The biggest benefits to using what is already in the operating system is that, for the most part, it’s already there. You might have to configure it, but you don’t have to install it, nor will you need to patch it separate from patching the operating system itself.
Of course, you get what you pay for, and while the operating systems are great values, the bells and whistles in what is included for monitoring are not as much. They provide the basics, but will do little on their own to alert you to problems, forecast things for you before they become problems, and reporting? Forget about it. Unless your management likes to read text files, you will spend a lot of time taking all that great information and putting into formats the boss can understand.
What about agents?
There are lots of third-party tools out there that can install agents on both Windows and Linux systems and use a central system to query those agents to keep an eye on things. They can monitor the big four, check the status of running services, review logs, and check the health and performance of other software running on these systems. These agents typically are bundled with monitoring software…it’s not the agents you are paying for, but rather that automation in alerting and reporting that simply relies upon the agents. Those agents, in addition to needing to be installed, may need to be granted additional privileges or permissions to function fully on a system, and they will also need to be patched/updated as appropriate. With a good third-party patching solution like GFI LanGuard you can patch a lot of third-party apps, but those agents monitoring solutions require are typically not on that list. And as a general rule, those agents require more CPU cycles and more RAM, making their resource costs a factor.

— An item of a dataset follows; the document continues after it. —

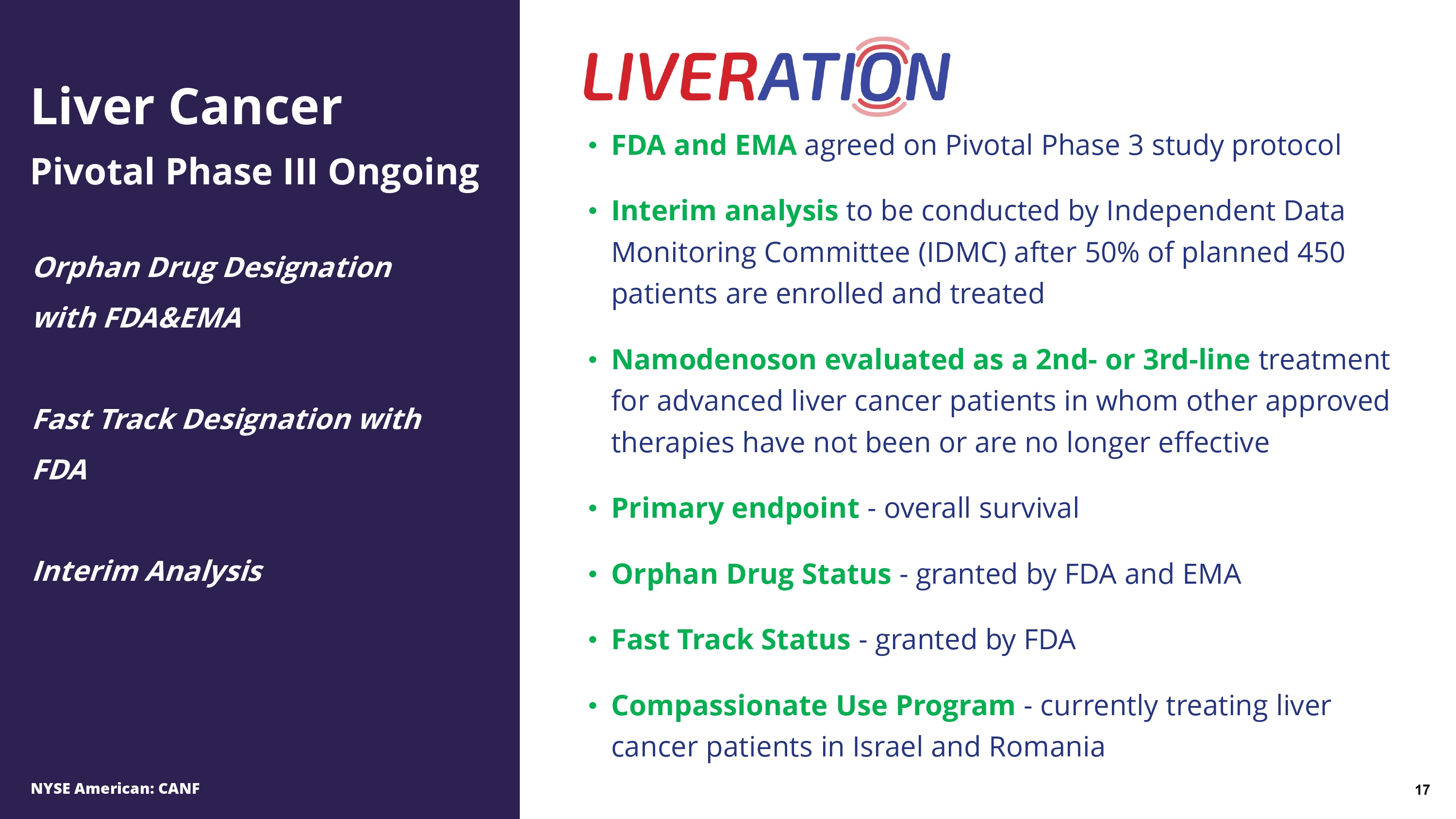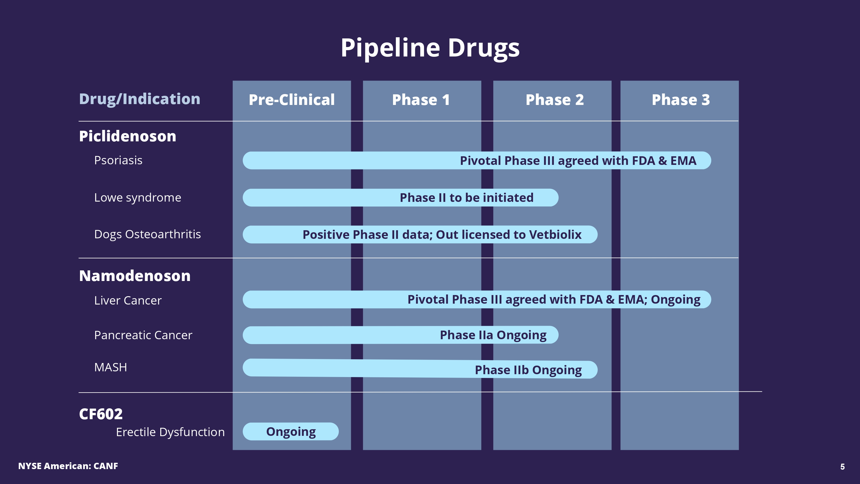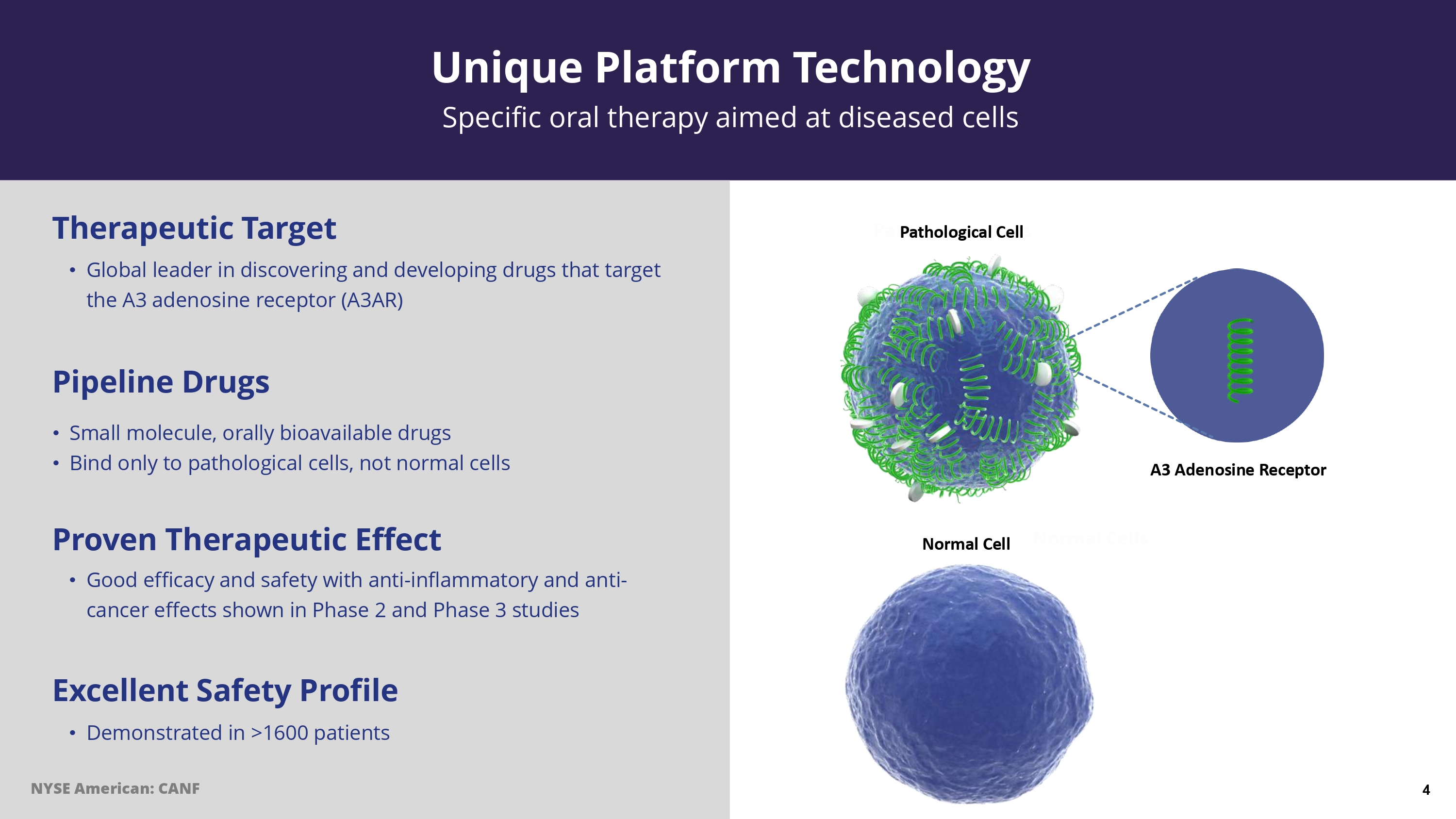 Global leader in discovering and developing drugs that target the A3 adenosine receptor (A3AR) Therapeutic Target • Demonstrated in > 1600 patients Excellent Safety Profile • Good efficacy and safety with anti - inflammatory and anti - cancer effects shown in Phase 2 and Phase 3 studies Proven Therapeutic Effect • Small molecule, orally bioavailable drugs • Bind only to pathological cells, not normal cells Pipeline Drugs Unique Platform Technology Specific oral therapy aimed at diseased cells A3 Adenosine Receptor Pathological Cell Normal Cell NYSE American: CANF

Finally, while there are lots of applications that use agents for Windows systems, the same cannot be said for Linux. If you’re a Windows shop that may not be a consideration, but if you run a mix of Windows and Linux, you may need to consider this, and either narrow your choices, or have to monitor different systems in different ways.
Which way should we go?
Ultimately, you need to determine what will work best for you, and provide you with what you need. If you like to write or alter others’ scripts, and have the time to do that, what’s in-built to both Windows and Linux may be all that you need. Between remote PowerShell or WRM for Windows, and SSH into Linux, you can probably automate most of the queries you need, and then by tailing a log file, have a process that takes action like sending you an email alert if things look bad. Or, you may already have a SIEM or other monitoring application that, rather than relying upon agents, works with what is already in the operating system. To me, that’s the best possible approach. But if you are looking for more automation and reporting with less work required to set it up, and you need a complete solution running right now, purchasing a turn-key solution that relies upon agents may make sense to you. There’s only so many hours in a day, and work-life balance quickly disappears if you have to stay up all night trying to cobble together code. A solution that provides forecasting, reporting, alerting, and pretty reports for management may be well worth the extra RAM and CPU cycles, as well as the money, it will cost to get going.
Ultimately, you need to determine what, for you, is required, and from that you can start to look at options that meet those requirements. Evaluate them on their costs, resource requirements, ease of implementation and upkeep for you and your team, and pick what makes sense for you. Hopefully the above gives you more to consider and will help you with making the right decision for you.